American Christian minister and televangelist (1931–2026)

Marilyn Allene Hickey (July 1, 1931 – April 25, 2026) was an American Christian televangelist, pastor, bible teacher, motivational speaker and author, who taught Bible studies both nationally and internationally.

==Biography==
Marilyn Allene Hickey was born on July 1, 1931, in Dalhart, Texas. When she was a young girl, Hickey's parents were professing Methodists and attended church only casually. Her family suffered from hereditary mental disorders according to one of her telecasts. Her father, her grandfather and her great-grandfather had suffered. Before the "devil and his imps" got to Marilyn, at the age of 36, she was the only one in her family not to suffer a mental disorder.

She also said that her family had a history of heart diseases, especially Hickey herself. At age 11, she was told by her doctors she had an enlarged heart, and progressively got worse until she had surgery. She became a born again Christian when she was a teenager. In college, she studied Spanish, intending to become a public high school teacher.

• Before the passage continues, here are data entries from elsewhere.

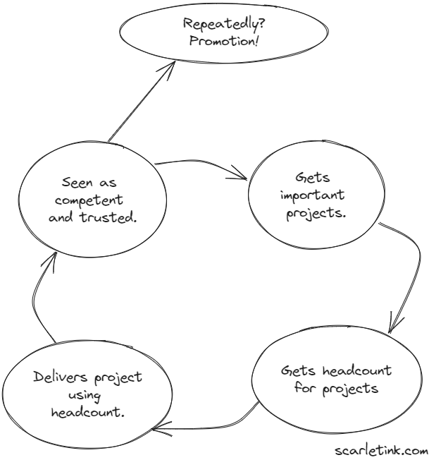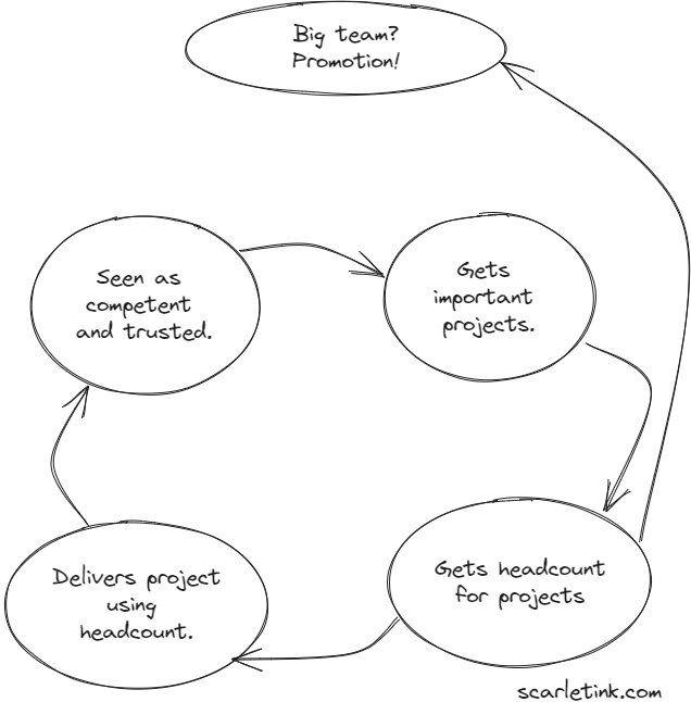 - With enough headcount, managers are promoted.
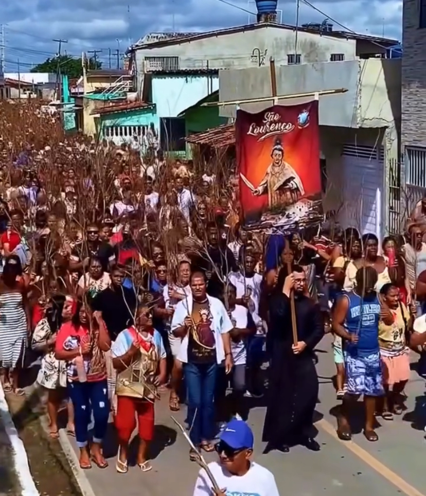 No último domingo (10), a Procissão do Carrego da Lenha reuniu centenas de fiéis no distrito quilombola de São Lourenço, em Goiana, na Mata Norte de Pernambuco. A caminhada, liderada pelo Padre Cleiton José, teve início com o religioso carregando a bandeira de São Lourenço Mártir, padroeiro da comunidade.
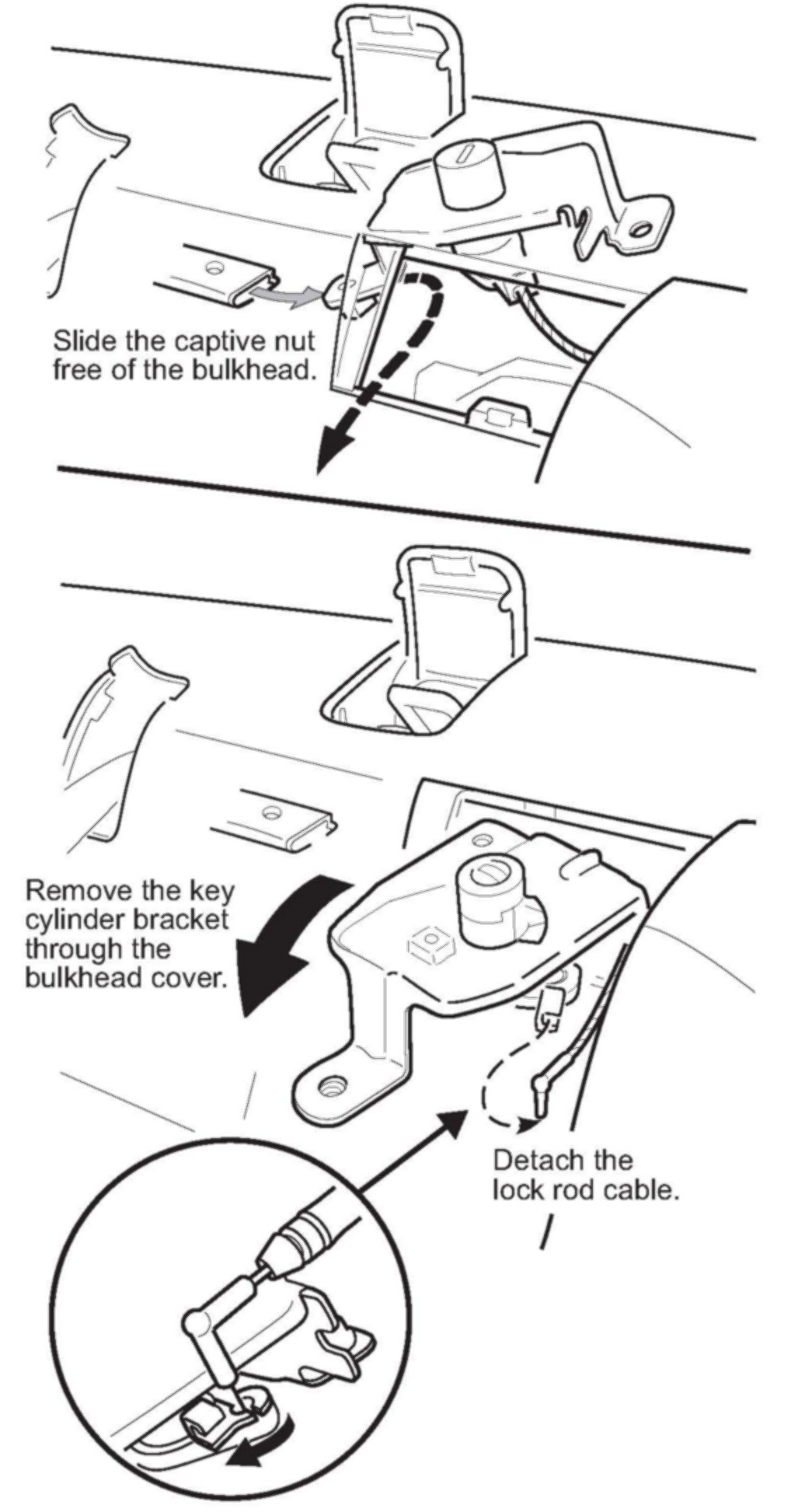 11. Carefully flex the bulkhead cover up and toward you, enough to free the key cylinder bracket's captive nut from the bulkhead, then remove the key cylinder bracket through the bulkhead's left cover opening.
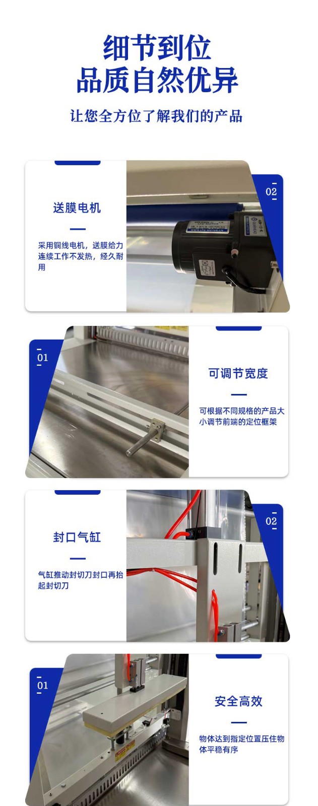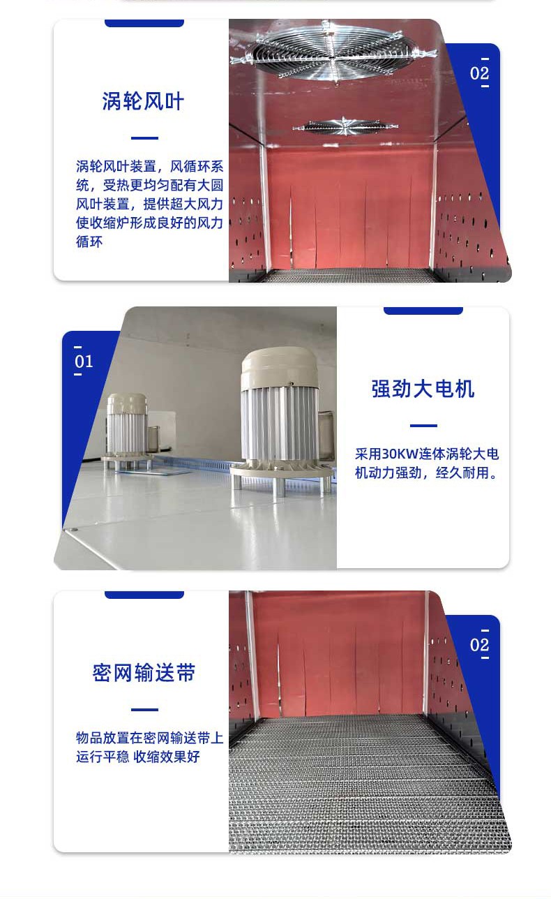 不同于傳統(tǒng)通用型包裝設(shè)備,袖口式熱收縮包裝機(jī)從設(shè)計(jì)源頭就瞄準(zhǔn) “瓶類產(chǎn)品組合包裝” 場景,徹底擺脫 “一機(jī)一用” 的局限。其針對瓶型包裝的特殊性,采用 “輸送帶 + 膜架 + 熱收縮通道” 的一體化結(jié)構(gòu):輸送帶可根據(jù)瓶身直徑、高度靈活調(diào)節(jié)寬度與輸送速度,無論是 500ml 的標(biāo)準(zhǔn)礦泉水瓶、1.2L 的果汁瓶,還是按壓式泵頭設(shè)計(jì)的洗手液瓶、帶提手的消毒液瓶,均能通過輸送帶平穩(wěn)輸送且不偏移;膜架部分配備自動張力控制系統(tǒng),可根據(jù)包裝膜厚度(常用 POF、PE 膜)精準(zhǔn)調(diào)節(jié)出膜力度,避免因膜張力不均導(dǎo)致的包裝褶皺或破損;熱收縮通道則采用分區(qū)加熱設(shè)計(jì),針對瓶身與組合間隙的不同熱收縮需求,實(shí)現(xiàn)均勻受熱,確保單瓶獨(dú)立包裝時(shí)膜面貼合瓶身,多瓶組合(如 2 瓶并排、4 瓶成箱、6 瓶堆疊)時(shí)膜體緊密包裹整體,杜絕 “局部收縮不到位” 的問題。
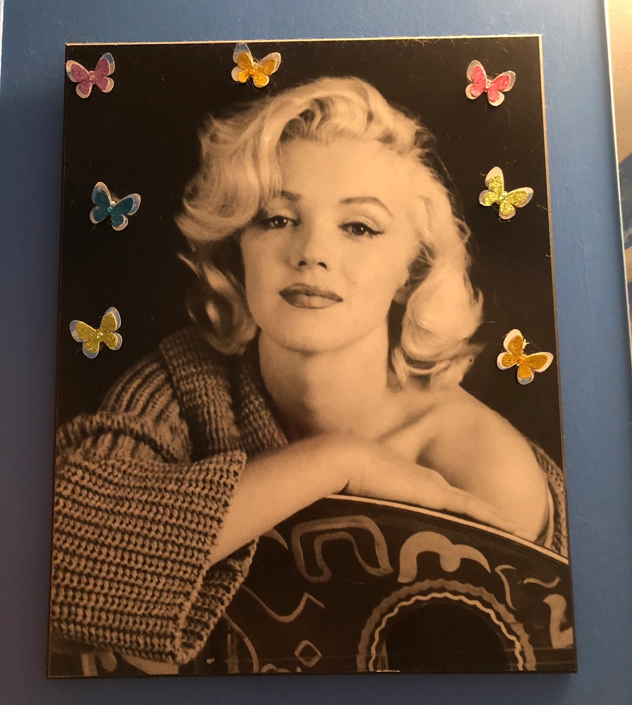 Beautiful Marilyn Monroe black/white photo on hard canvas (wood). Measures: 15” wide x 19” high. Porch pick up in Hodgkins. CASH only.
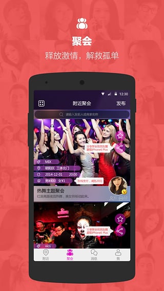 【附近】一個人,太無聊!查看“附近”秀色,結(jié)交有趣的朋友開啟美麗約會,輕輕下拉刷新,煙火即刻幫你約見附近的帥哥美女,Ta的動態(tài)一目了然,交友不再是難題!【聚會】沒朋友,太無趣!刷新“聚會”,尋找你的Club!深邃律動,迷幻節(jié)奏,任你暢選!還能隨時發(fā)起聚會召集“小伙伴”,約會聚會不停歇,從此對寂寞的夜晚SayNo!
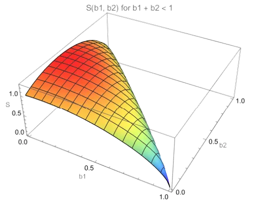 Adding in a third bet would generate a quartic polynomial, and beyond that, Abel showed that polynomials of degree five or higher have no closed form solutions (see The Sum of the Sum of Some Numbers). Still, the maximum value of exists as seen in the surface plot:
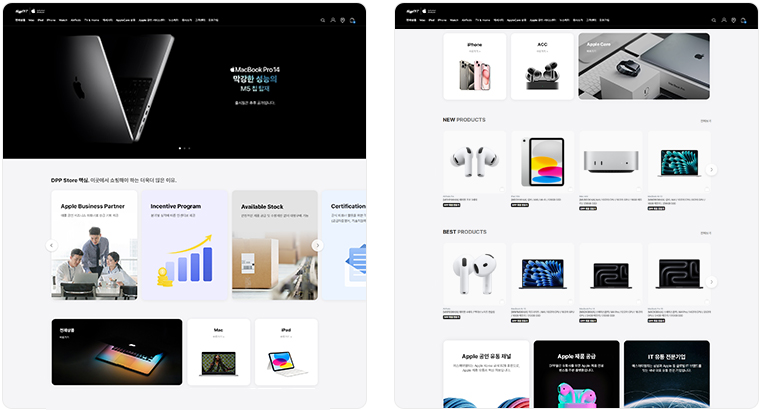 또한 Apple 공식 총판사로서의 브랜드 정체성과 보안 요건을 디자인과 기술 측면 모두에서 세심하게 반영했습니다.
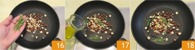 Coloca las avellanas en una sartén junto con el romero 16 y un chorrito de aceite 17 y tuesta durante unos minutos 18.
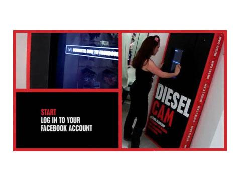 La agencia Fullsix está detrás de la idea de Diesel Cam: algunas de las tiendas de ropa de la marca han integrado unos cajeros con pantalla táctil y cámaras desde las cuales el cliente puede fotografiarse y compartir la imagen con sus amistades de Facebook al segundo.
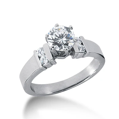 14K White Gold Round Diamond Engagement Ring Mounting 0.16ct
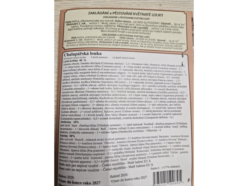 4. Výsevek semen květnaté louky je 1-2g na m2, hloubka setí je do 0,5-1cm.

After meeting Wallace Hickey at an Assemblies of God Church, where Wallace served as a pastor, the couple married on December 26, 1954. Around the same time, she and Wallace also met Dr. T.L. Osborn, a Pentecostal evangelist, who was 8 years Hickey's senior. Marilyn and Wallace traveled around in their car, conducting tent revival meetings in various towns. Together, Osborn and Hickey prayed for the sick and she became a guest speaker at his conferences. Osborn was lifelong friends with her family until his death just four months after Hickey lost her husband, Wallace.

Hickey held a Bachelor of Arts in Collective Foreign Languages from the University of Northern Colorado and an Honorary Doctorate of Divinity from Oral Roberts University.

She had two children and four grandchildren. Hickey's husband of 57 years, Wallace, died after a long battle with Alzheimer's disease, at a care center in Denver, Colorado, on October 19, 2012, at the age of 87. Marilyn Hickey died in Denver on April 25, 2026, at the age of 94.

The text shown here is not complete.